------ Data to examine ------

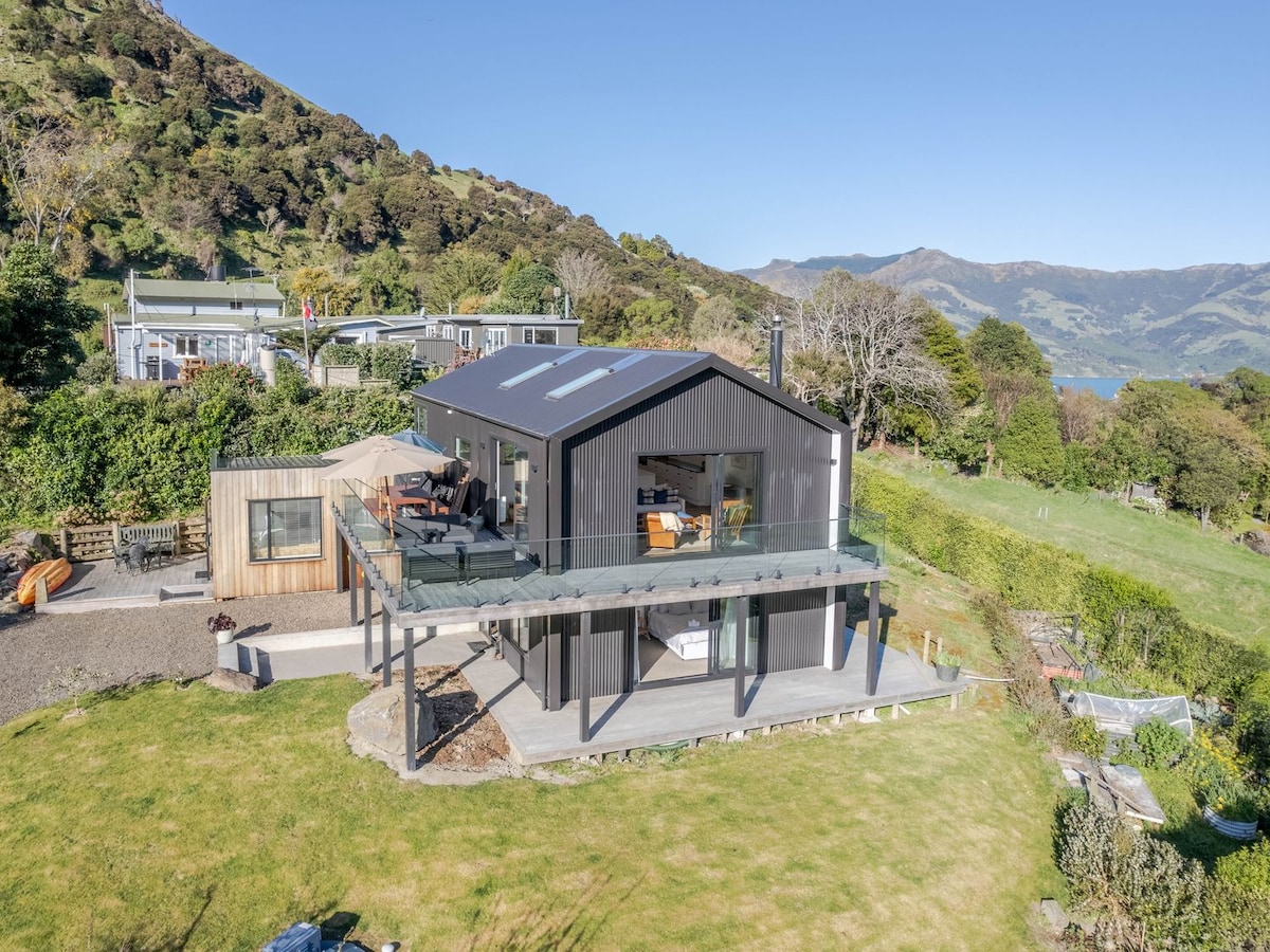 Casa de jardín moderna y elegante recientemente reformada, ubicada en el jardín junto a la casa familiar en una granja de ovejas y vacas en lo alto de las pintorescas colinas de Banks Peninsula. Ofrece amplias vistas de la granja y los animales que bajan por el valle del río Little, pasando por el lago Forsyth y hasta el océano Pacífico.
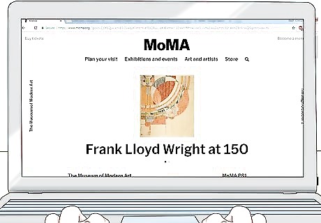 Browse the museum's or artists' collections online. Depending on which museum or gallery you're visiting, you might be able to preview the collection you're seeing on a website. This gives you more time to look at and think about the pieces you'll be seeing. And you can do so without the pressure of feeling like you have to contribute to the conversation happening around you. For example, if you are about to visit MOMA (the Museum of Modern Art in NYC) you could do some research about modern art in general and research some of the pieces in the gallery.
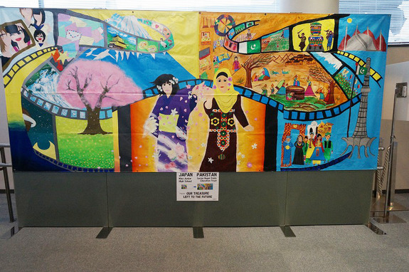 こちらは日本の中学生とパキスタンの中学生が共同制作した壁画です。
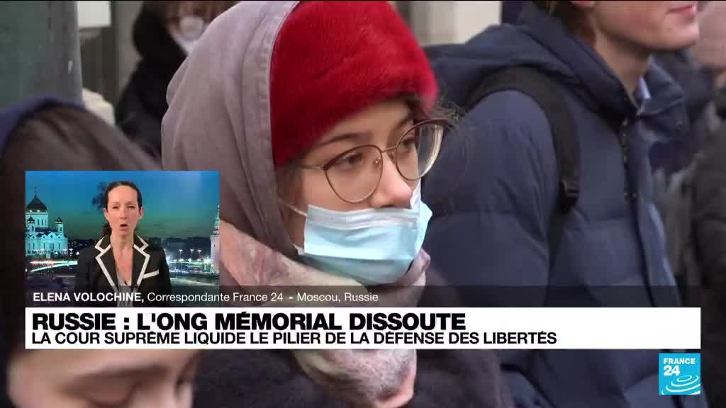 La Cour suprême russe a ordonné mardi la dissolution de l'ONG Mémorial, pilier de la défense de la lutte contre les répressions dans la Russie contemporaine et gardien de la mémoire des victimes du Goulag. Les précisions d'Elena Volochine, correspondante FRANCE 24 à Moscou.
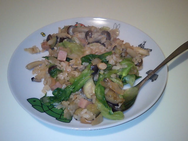 ちゃんと夕飯作ったぉ(*´∀`*)野菜たぷりだにょーんww炒飯だけど。
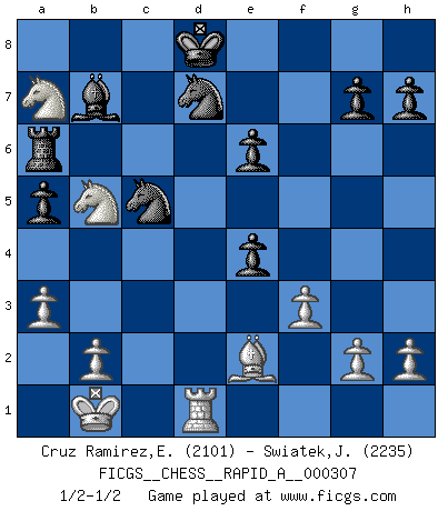 Last move : 1/2-1/2 2025 April 16 8:7:17 [Event "FICGS__CHESS__RAPID_A__000307"] [Site "FICGS"] [Date "2025.01.29"] [Round "1"] [White "Cruz Ramirez,Eliecer"] [Black "Swiatek,Janusz"] [Result "1/2-1/2"] [WhiteElo "2101"] [BlackElo "2235"] 1.e4 c5 2.c3 Nf6 3.e5 Nd5 4.Nf3 d6 5.exd6 e6 6.d4 Bxd6 7.c4 Nf6 8.dxc5 Bxc5 9.Qxd8+ Kxd8 10.Nc3 Ke7 11.a3 a5 12.Bf4 Bd7 13.O-O-O Rd8 14.Bc7 Rc8 15.Bg3 Nh5 16.Bh4+ f6 17.Nd2 Bd4 18.Nde4 Be5 19.f3 Bc6 20.Bf2 Nd7 21.c5 Nf4 22.Kb1 Nd5 23.Nb5 b6 24.cxb6 N5xb6 25.Ned6 Rcb8 26.Rc1 Bd5 27.Bg3 Na4 28.Bxe5 fxe5 29.Rc7 Ra6 30.Nc8+ Kd8 31.Nca7 e4 32.Be2 Rb7 33.Rxb7 Bxb7 34.Rd1 Nac5 1/2-1/2 Follow this game move after move (download)The stomach is an essential part of the Chess master. (Bent Larsen) Ein Schachgenie ist jemand der verdammt gut Schach spielt. (Jonathan Levitt) Siempre es mejor sacrificar los hombres de tu oponente. (Savielly Tartakower) Il n'y a pas eu de défaite parce que je ne crois pas que cet ordinateur ait jamais existé. IBM a triché en refusant d'imprimer les modes de recherche de la machine. C'est évident, pendant le match, des coups décisifs ont été joués par des êtres humains. Aujourd'hui, les meilleurs spécialistes en informatique ne peuvent toujours pas expliquer comment Deep-Blue a pu jouer contre la logique des ordinateurs. IBM a gagné une guerre de communication, mais ils sont incapables de prouver que l'ordinateur a gagné tout seul. (Garry Kasparov) Rules and bones are meant to be broken. (Anonymous)
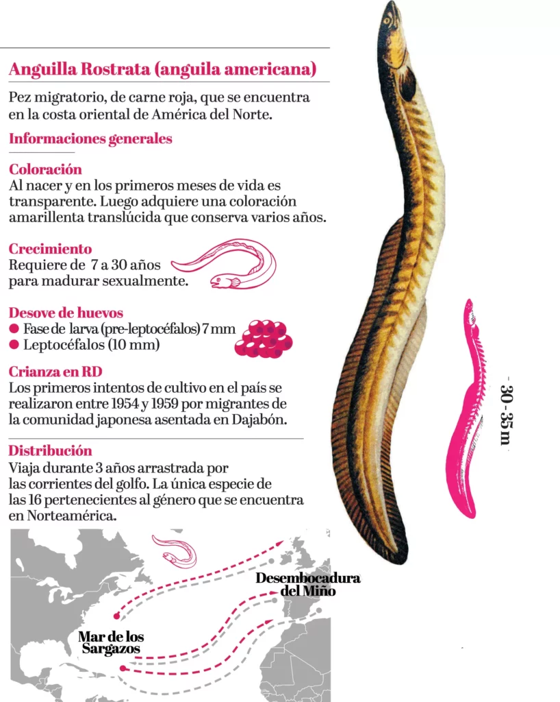 SANTO DOMINGO.-Por ser especies acuáticas catádromas y muy dinámicas, las anguillas hacen vida en agua dulce y se aparean en las salobres, particularmente en el mar de Los Sargazos, océano Atlántico, entre las islas Bermudas, Barbados y Estados Unidos.
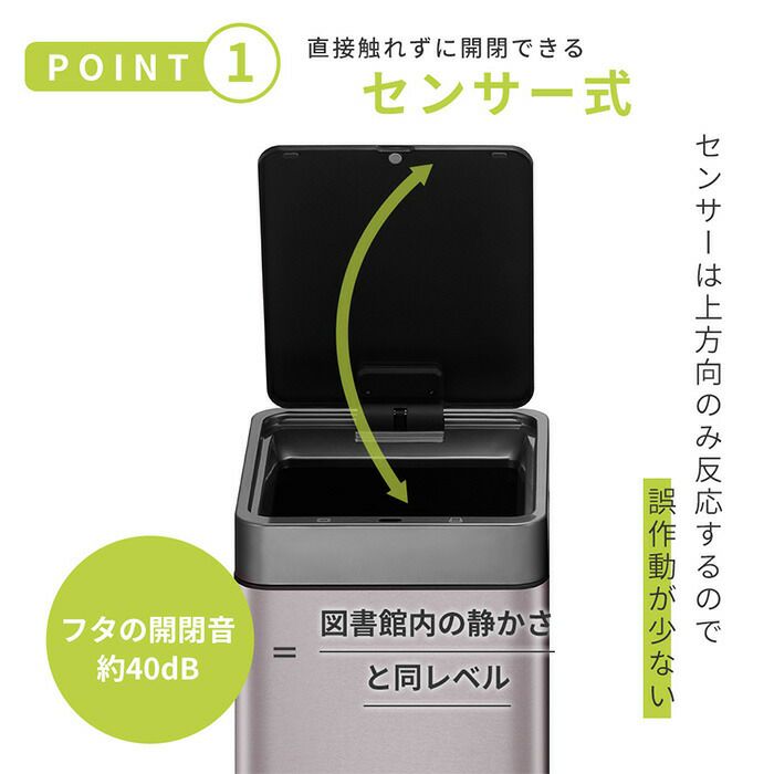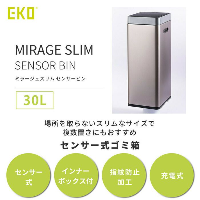 自動開閉ゴミ箱 30L ふた付き センサー付き ミラージュスリムセンサービン 充電式 EKO

------

> _What you need to do_
Output all of the data exactly as it stands, minus any images.

> _Your solution_
 Casa de jardín moderna y elegante recientemente reformada, ubicada en el jardín junto a la casa familiar en una granja de ovejas y vacas en lo alto de las pintorescas colinas de Banks Peninsula. Ofrece amplias vistas de la granja y los animales que bajan por el valle del río Little, pasando por el lago Forsyth y hasta el océano Pacífico.
 Browse the museum's or artists' collections online. Depending on which museum or gallery you're visiting, you might be able to preview the collection you're seeing on a website. This gives you more time to look at and think about the pieces you'll be seeing. And you can do so without the pressure of feeling like you have to contribute to the conversation happening around you. For example, if you are about to visit MOMA (the Museum of Modern Art in NYC) you could do some research about modern art in general and research some of the pieces in the gallery.
 こちらは日本の中学生とパキスタンの中学生が共同制作した壁画です。
 La Cour suprême russe a ordonné mardi la dissolution de l'ONG Mémorial, pilier de la défense de la lutte contre les répressions dans la Russie contemporaine et gardien de la mémoire des victimes du Goulag. Les précisions d'Elena Volochine, correspondante FRANCE 24 à Moscou.
 ちゃんと夕飯作ったぉ(*´∀`*)野菜たぷりだにょーんww炒飯だけど。
 Last move : 1/2-1/2 2025 April 16 8:7:17 [Event "FICGS__CHESS__RAPID_A__000307"] [Site "FICGS"] [Date "2025.01.29"] [Round "1"] [White "Cruz Ramirez,Eliecer"] [Black "Swiatek,Janusz"] [Result "1/2-1/2"] [WhiteElo "2101"] [BlackElo "2235"] 1.e4 c5 2.c3 Nf6 3.e5 Nd5 4.Nf3 d6 5.exd6 e6 6.d4 Bxd6 7.c4 Nf6 8.dxc5 Bxc5 9.Qxd8+ Kxd8 10.Nc3 Ke7 11.a3 a5 12.Bf4 Bd7 13.O-O-O Rd8 14.Bc7 Rc8 15.Bg3 Nh5 16.Bh4+ f6 17.Nd2 Bd4 18.Nde4 Be5 19.f3 Bc6 20.Bf2 Nd7 21.c5 Nf4 22.Kb1 Nd5 23.Nb5 b6 24.cxb6 N5xb6 25.Ned6 Rcb8 26.Rc1 Bd5 27.Bg3 Na4 28.Bxe5 fxe5 29.Rc7 Ra6 30.Nc8+ Kd8 31.Nca7 e4 32.Be2 Rb7 33.Rxb7 Bxb7 34.Rd1 Nac5 1/2-1/2 Follow this game move after move (download)The stomach is an essential part of the Chess master. (Bent Larsen) Ein Schachgenie ist jemand der verdammt gut Schach spielt. (Jonathan Levitt) Siempre es mejor sacrificar los hombres de tu oponente. (Savielly Tartakower) Il n'y a pas eu de défaite parce que je ne crois pas que cet ordinateur ait jamais existé. IBM a triché en refusant d'imprimer les modes de recherche de la machine. C'est évident, pendant le match, des coups décisifs ont été joués par des êtres humains. Aujourd'hui, les meilleurs spécialistes en informatique ne peuvent toujours pas expliquer comment Deep-Blue a pu jouer contre la logique des ordinateurs. IBM a gagné une guerre de communication, mais ils sont incapables de prouver que l'ordinateur a gagné tout seul. (Garry Kasparov) Rules and bones are meant to be broken. (Anonymous)
 SANTO DOMINGO.-Por ser especies acuáticas catádromas y muy dinámicas, las anguillas hacen vida en agua dulce y se aparean en las salobres, particularmente en el mar de Los Sargazos, océano Atlántico, entre las islas Bermudas, Barbados y Estados Unidos.
 自動開閉ゴミ箱 30L ふた付き センサー付き ミラージュスリムセンサービン 充電式 EKO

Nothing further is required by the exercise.